I just opened my ceiling light to replace it with another mount. I see a white wire connected to 2 black wires, is that right?
The middle switch controls this ceiling light.
The cable with the white wire that's connected to the two black wires is a switch loop:
Normally wires with white insulation are used only for neutrals, but code makes an exception to allow for use of the white wire in a cable used as a switch loop as a hot rather than a neutral.
If you'll look closely in the drawing, the whites used as hots are wrapped with black tape to indicate they are being used as such. The wiring in the picture in the question lack this, which is a code violation. Of course the electricity can't see the tape so it's not intrinsically unsafe. However, it can be a hazard if someone working on the wiring makes a mistake because it's not labelled as clearly as it should be.
The fact that the white is with the blacks is very important.

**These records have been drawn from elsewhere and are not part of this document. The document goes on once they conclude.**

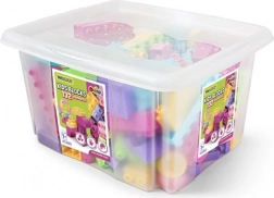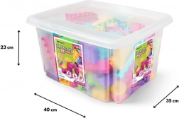Ovaj šarolik set građevinskih kockica donosi djeci sate stvaralačke zabave. Dijelovi su oblikovani tako da ih male ruke lako uhvate i spoje, što potiče samostalnu igru i zajedničko građenje s roditeljima ili braćom i sestrama. Prozirni spremnik s poklopcem na klik drži sve komponente na okupu i osigurava pregledno skladištenje.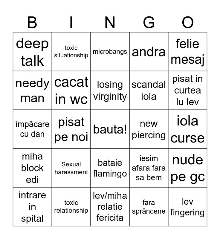 This bingo card has a free space and 24 words: Sexual harassment, toxic relationship, losing virginity, intrare in spital, felie mesaj, deep talk, needy man, toxic situationship, new piercing, bataie flamingo, scandal iola, împăcare cu dan, iesim afara fara sa bem, nude pe gc, cacat in wc, fara sprâncene, iola curse, microbangs, pisat in curtea lu lev, pisat pe noi, lev fingering, miha block edi, andra and lev/miha relatie fericita.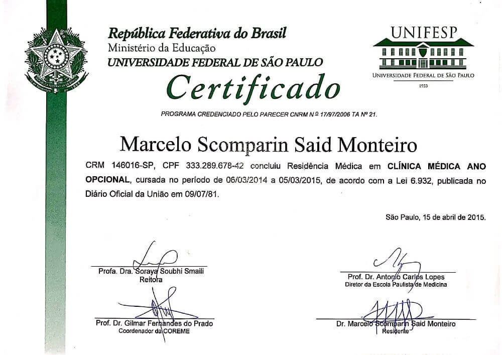 Residência Clínica Médica Ano Opcional (R3): Universidade Federal de São Paulo 2014- 2015;

Most of what you need to know is in the positions of the existing wires; don't be in a hurry to tear it all apart, or you lose that critical info.
Color-coding is not by wire function, it's how cables are made.
That white has been reversed to be a hot. This is because it's in a switch loop, and no neutral is provided, so the neutral is re-tasked. (Today it's required to provide neutral). Because the neutral is re-tasked to be a hot, it must be marked with a few wraps of tape.
White is used for always-hot because another rule requires this. That's so when you're at the other end, it's easier to detect that the white Is hot, because it's always hot.
Once you have identified the neutral bundle(s) (all white), a white that's with mostly blacks is one of these. The fact this is in a lamp makes this most likely a switch loop.
Most likely its partner black is the switched-hot. The lamp will want this switched-hot, and actual neutral.